In a surprise discovery, astronomers using the Burst Alert Telescope aboard the Swift satellite learned that both supermassive black holes in galaxy Mrk 7391 (yes, it has two) are actively feeding on material. (Check out the link for a cool vid of the galaxy.) Mrk 739 is a mere 425 million light-years from Earth, making it the second-closest active pair of supermassive black holes to Earth. (The first-closest is in galaxy NGC 6240.)
So, besides the sheer coolness of two supermassive black holes in a single galaxy, why do astronomers care about such objects? As it turns out, they are an important key to understanding galaxy evolution.
Nearly every galaxy, including our own Milky Way, harbors a supermassive black hole in its nucleus, but only a few percent of those black holes are observed to be actively feeding on significant amounts of gaseous and stellar material. Such systems are referred to as active galactic nuclei or AGN for short, and they are believed to be a temporary stage through which all galaxies harboring supermassive black holes pass. During this relatively brief active period, typically lasting ~50 million years, the gaseous material AGN feed on becomes superheated as it spirals down onto the black hole, causing AGN to shine very brightly. The intense brightness means these objects are often observable at very great distances, and therefore over a big range of cosmic history. This is why AGN are important probes of galaxy evolution.
Astronomers aren’t entirely sure what drives this material from the outskirts of the galaxy all the way down to the black hole, but it has been posited that galaxy interactions, including major mergers like the one shown below, are a likely mechanism.

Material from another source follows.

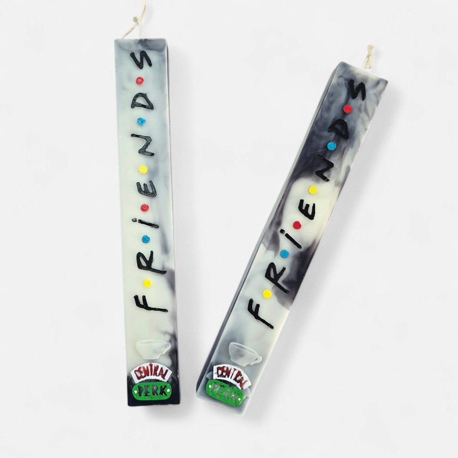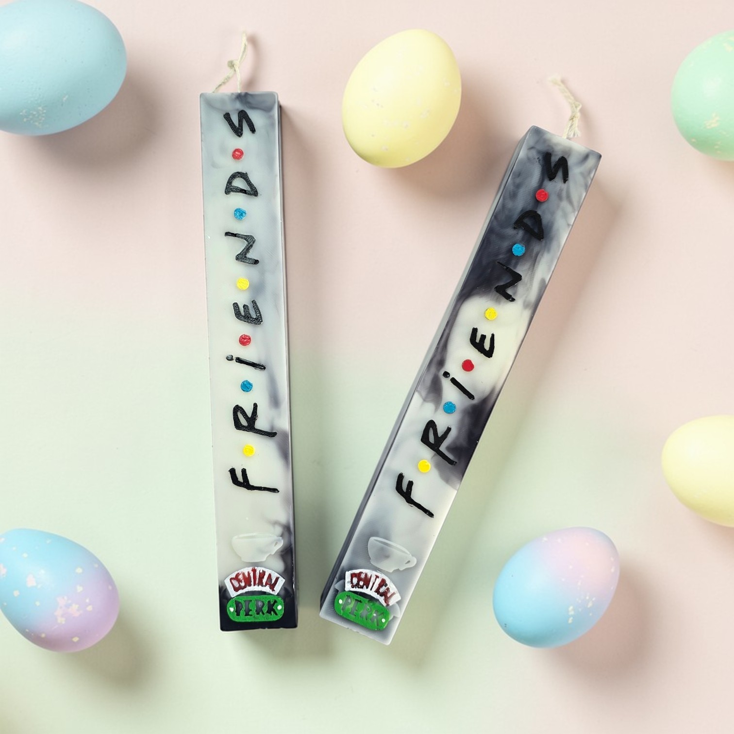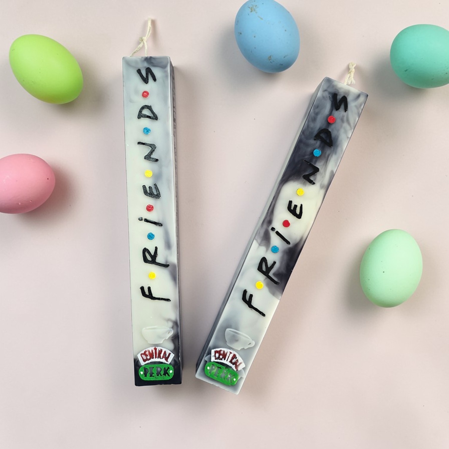 Λαμπάδα Friends με 100% Φυτικό κερί ελαιοκράμβης με βαμβακερό φυτίλι, σε χρώμα λευκό/μαύρο και άρωμα Spring Blossom, ζωγραφισμένη στο χέρι.

What’s happening here is that the mutual gravitational tugging on gas orbiting in the galactic disks causes it to lose angular momentum and travel inward toward the nucleus of at least one galaxy, and possibly both, eventually reaching one or both of the black holes. If both black holes are active, the object is referred to as a binary AGN. As the hypothesis goes, such objects should be abundant but short-lived (in cosmic terms), lasting a few to tens of millions of years depending on the distance between the black holes. Eventually, the black holes spiral down to merge into a single, more massive black hole, and the two galaxies become a single, more massive galaxy.

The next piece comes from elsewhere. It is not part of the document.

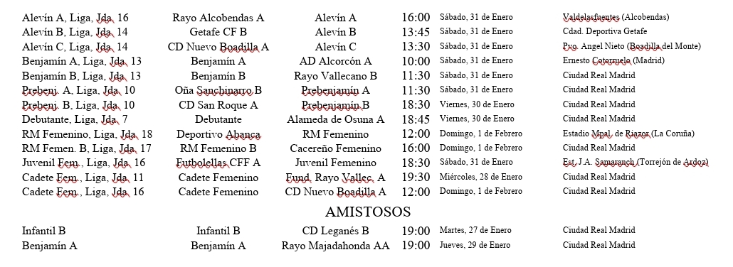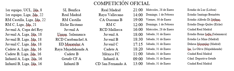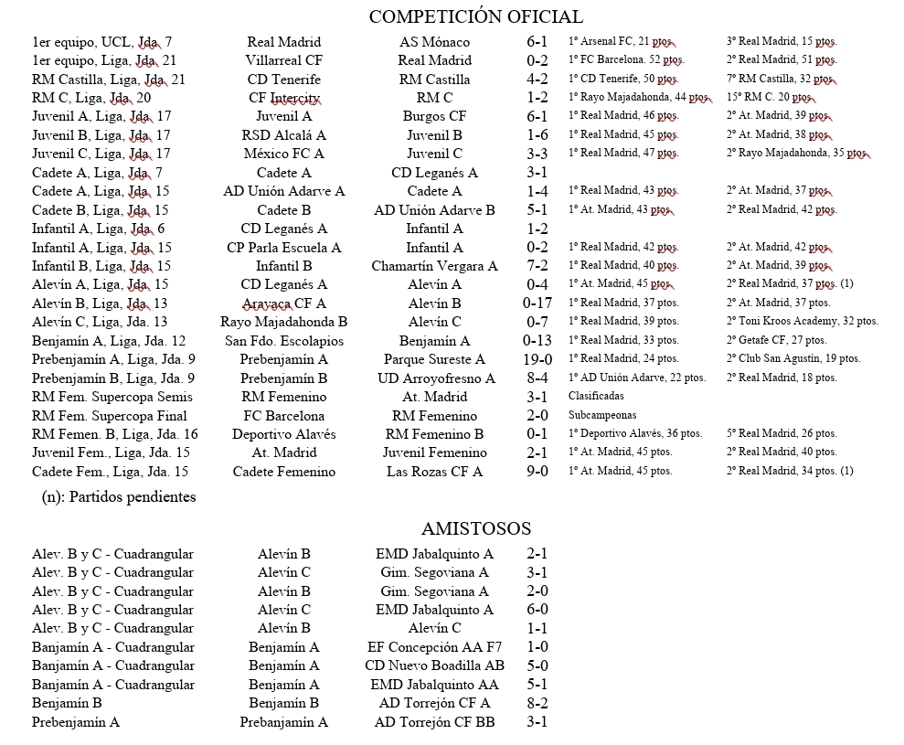 Os traemos los resultados y horarios de los próximos partidos de nuestros equipos, destacando los del Real Madrid Femenino en todas sus categorías, así como los de la cantera masculina, desde el Real Madrid Castilla al Prebenjamín.

It is a fact that galaxies frequently merge — there are several striking examples of this — but whether they are a major mechanism for creating AGN is another matter. I am a co-author on several papers involving searches for binary black holes, including binary AGN and recoiling black hole pairs, and I have been somewhat surprised by the relatively low frequency with which we observe genuine binary AGN — about 100 times less than the predicted frequency. This implies: 1) the measurements needed to make such detections at large distances are so fine that we are not detecting the vast majority of such objects; or 2) perhaps the notion that mergers play a major role in creating AGN needs to be reconsidered.
 The Universe Today article mentions the newly discovered AGN binary as the second-place record-holder in terms of close separation between two active black holes, but this claim is in error. The second-place record is (to my knowledge) still held by LBQS 0103-2753 — separation of 6,500 light-years — which was co-discovered by my doctoral thesis advisor more than ten years ago.